Better Function Signatures with the Destructuring Assignment

When writing a function sometimes you cannot avoid passing multiple arguments into the function. Lets take a look what is the cleanest way to do this in JavaScript / TypeScript.

Function Declaration

const foo = (a: number, b: number = 12, c: number = 1) => {
  console.log(`${a} ${b} ${c}`);

Function Usage:

// All Arguments set
foo(12, 13, 12);

// Only one optional argument c
foo(12, 12, 12); //b must be declared

// Only mandatory arguments

When you have multiple arguments you run into several problems:

  1. You have to choose which sequence of parameters make the most sense (in this example foo(a, b, c) makes the most sense, however maybe foo(c, b, a) makes more sense - you have to decide)
  2. If you have default values / optional parameters the sequence must change as the optional argument comes last (so lets say a is optional the function is then foo(b,c, a=12)
  3. When using the function you must ensure that the correct sequence is used to get the expected result.
  4. With multiple default/optional arguments - lets say you only have to set the last optional argument, then you still have to set the previous arguments to their default values

Better Declaration with a Destructuring assignment

To make our lives easier it would be much easier to just pass as few arguments as possible. Instead of multiple arguments we just pass a single object. We can access its variables by using the destructuring assignment

const fooModern = (values: { a: number; b?: number; c?: number }) => {
  const { a, b = 12, c = 1 } = values;
  console.log(`${a} ${b} ${c}`);

Writing the function this way does not make it obvious that default values have been set. We can make this more obvious by skipping the variable and directly use the destructuring assignment:

const fooModern = ({ a, b = 12, c = 1 }: { a: number; b?: number; c?: number }) => {
  console.log(`${a} ${b} ${c}`);

With this single object we do not have to take the order of arguments into concideration. The optional/default values can be set in any order.
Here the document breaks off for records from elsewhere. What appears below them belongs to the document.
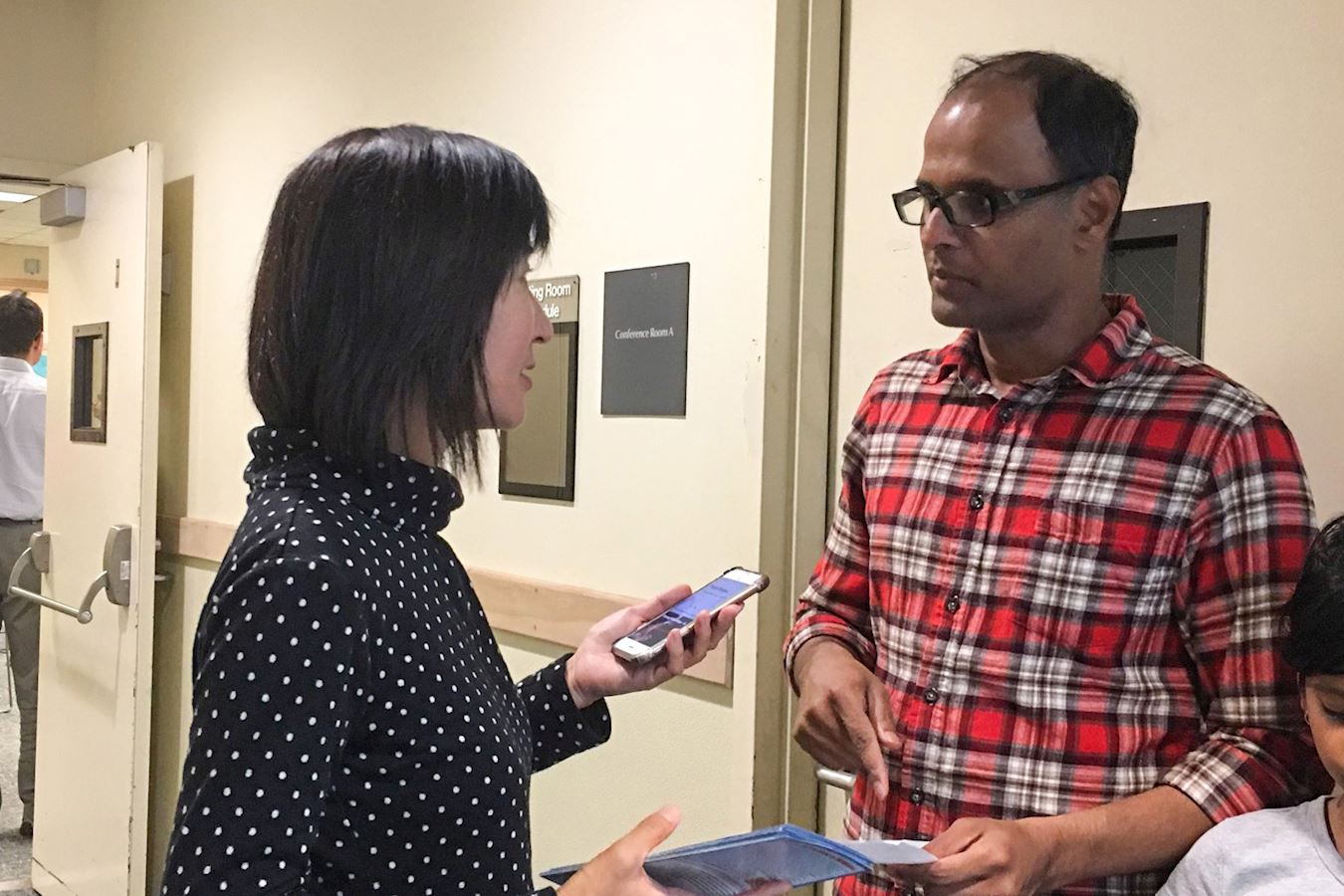 住在外地的玛妮莎(Manishe)到佛利蒙看女儿,偶然的机会走进学功班。她在学功时非常认真:“我告诉自己要放松,因为刚学,我还不会那样盘腿(双盘腿),但是我保持盘腿的姿势听法轮功老师讲课,我觉得应该这样。”玛妮莎还主动留下电话号码,希望有关于法轮功的信息,以后请一定通知她。
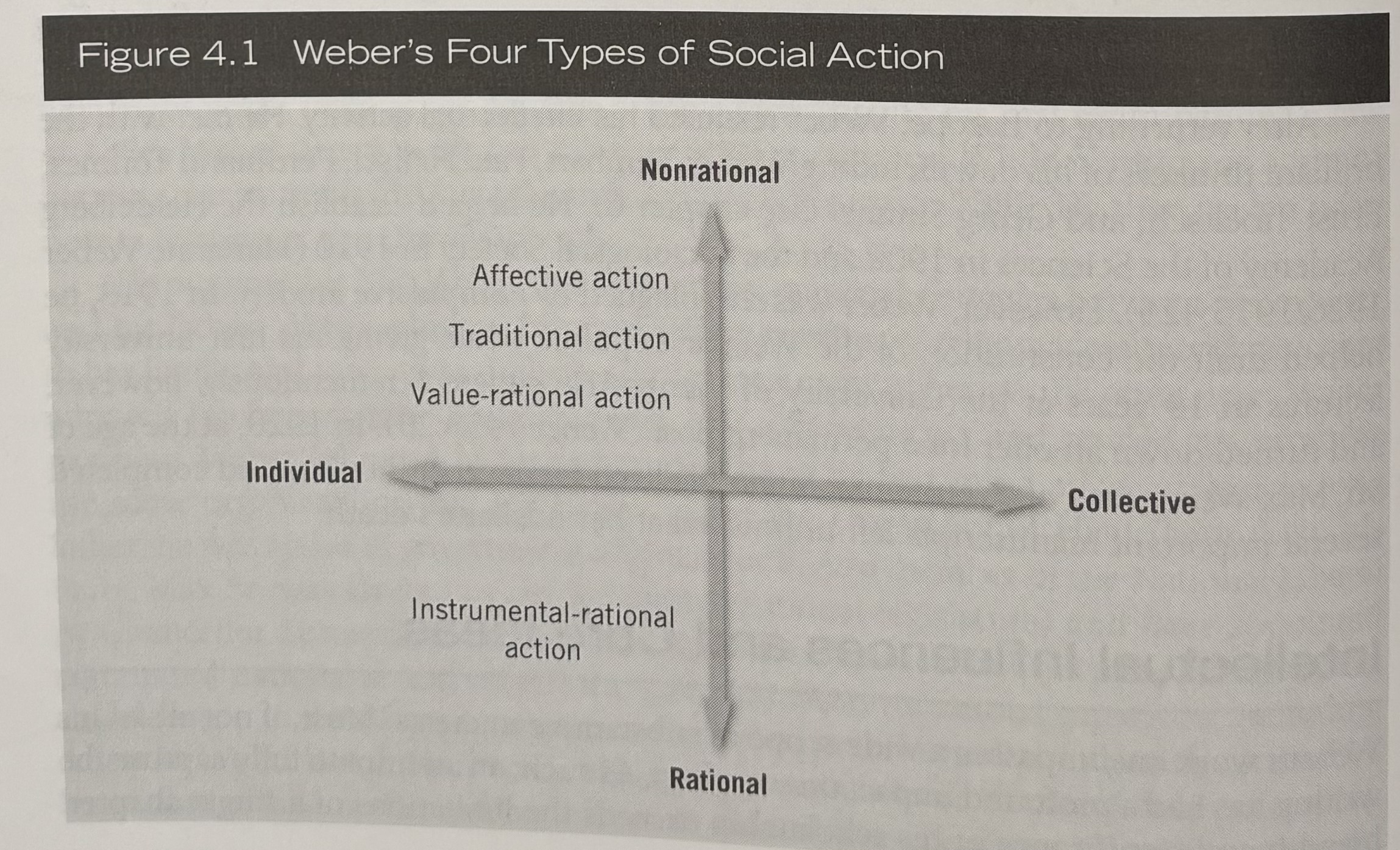 Instrumental-rational (means-ends rationality): pursuing goals with calculated advantages/disadvantages (e.g., wage calculations, union strikes).
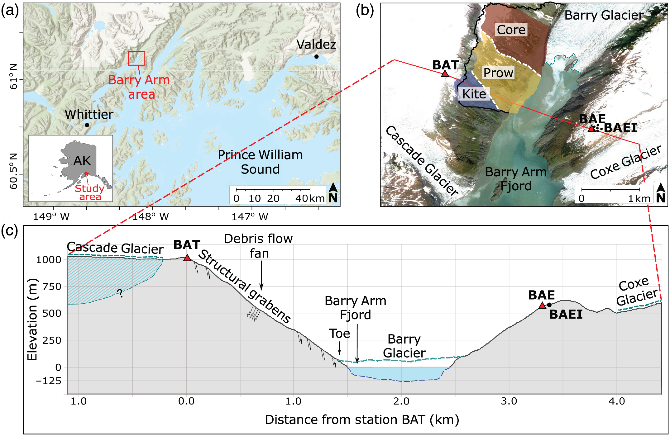 Figure 3. (a) Location of the Barry Arm area in relation to Prince William Sound and nearby communities, as well as location in relation to Alaska. (b) Barry Arm fjord detail showing the location of the Cascade, Coxe, and Barry Glaciers, as well as seismic stations BAT and BAE, and infrasound BAEI, and where the cross section is taken. The colored sections of the slope indicate the Kite (blue), Prow (yellow), and Core (red)—these locations are where the slope is most active. (c) Barry Arm fjord cross‐section diagram (1:1 scale) illustrating glacier features, fjord depth (slope profile derived from Google Earth; Google, n.d.), station locations, and structural features modified from Schaefer et al. (2023) Boundary for Cascade Glacier is inferred. (Figure and caption from https://doi.org/10.1785/0220250205.)
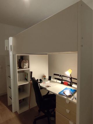 Litera con escritorio y armario.
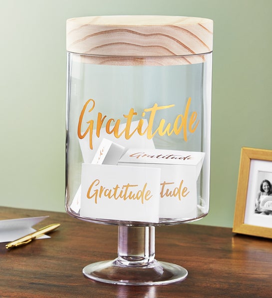 “The more grateful you are, the more present you become, the more joy you bring into your life.” Our Gratitude Jar lets you begin each day with an open heart by recording all that you are thankful for. The glass jar is beautifully hand-crafted with a wooden lid and includes elegant bronze foil gratitude cards to write on. A unique keepsake to lift the spirits of someone special in your life, or to inspire you each day.
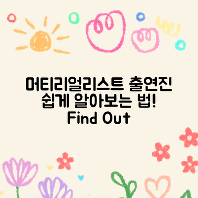 이와 같은 방법을 활용하면, 출연진에 대한 정보뿐만 아니라 그들의 연기 스타일이나 필모그래피까지 폭넓게 이해할 수 있습니다. 영화 머티리얼리스트의 출연진을 보다 쉽게 알아보는 방법을 통해, 여러분도 새로운 영화 경험을 풍부하게 할 수 있습니다.
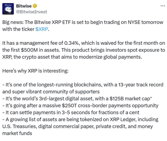 Bitwise Asset Management lance officiellement son nouveau ETF au comptant $XRP aujourd'hui jeudi, coté à la Bourse de New York sous le symbole audacieux et controversé “XRP.”
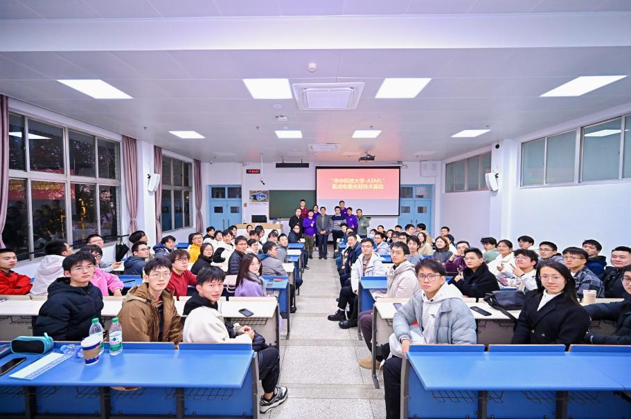 为发挥教育科技人才三位一体优势,加强产教融合人才培养,教学周13-14周期间,光电信息学院与未来技术学院联合ASML公司开设“集成电路光刻技术基础”课程。多位ASML技术专家通过系列讲座的形式,介绍ASML全景光刻技术概况。来自光电信息学院、未来技术学院、机械学院、材料学院等院系的60余名研究生和本科同学参加了此次课程。ASML公司Principle Scientist高伟民博士、ASML全球培训中心技术培训专家秦晓琼博士、ASML武汉地区客户服务经理熊泽军等ASML公司成员参与。光电信息学院李政言教授、院长助理张诚教授,学工组长张虎博士到场参加。
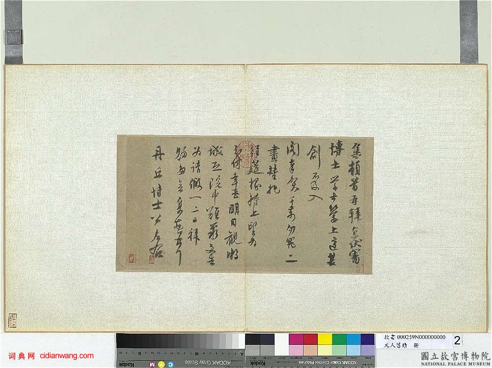 又稱《不及入閣帖》,此幅書法典雅超妙,筆力遒勁簡穆,字裡行間,爽利清通,神采奕奕。選自“元人舊跡”冊。收藏著錄於石渠寶笈續編(重華宮),第三冊,頁1688。
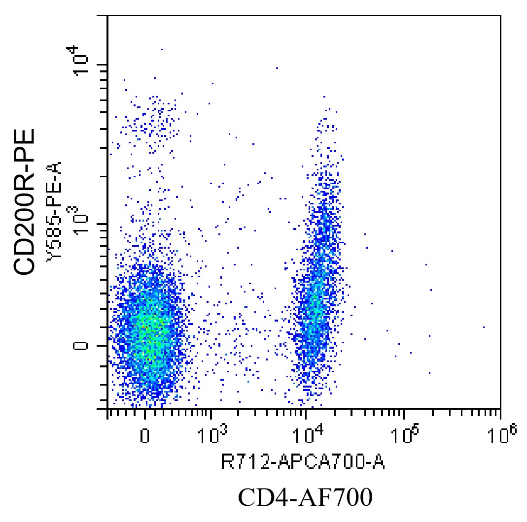 • Staining normal human peripheral blood mononuclear cells (PBMCs) with PE CD200R Antibody (Clone: OX108) (Product Number: H2882), and FITC CD4 Antibody. Analysis was performed on lymphocytes.

A call to the function will then look something like this:

// All Arguments set
fooModern({ a: 12, b: 13, c: 12 });

// Only one optional argument c
fooModern({ a: 12, c: 12 });

// Only mandatory arguments
fooModern({ a: 12 });

However in practice you would not be using magic numbers, but first initialize the value with a descriptive variable. Thus you could use shorthand property names - making the code even clearer to read:

const a = 12;
const c = 2;
fooModern({ a, c });

In conclusion in TypeScript/ JavaScript, the cleanest way to write a function with multiple arguments, is to write a function with a single argument that is an object with multiple fields as argument. Thus avoiding all the problems of a multi argument function. You will have to make less decisions how to declare the function and other developers will have it easier to use the function.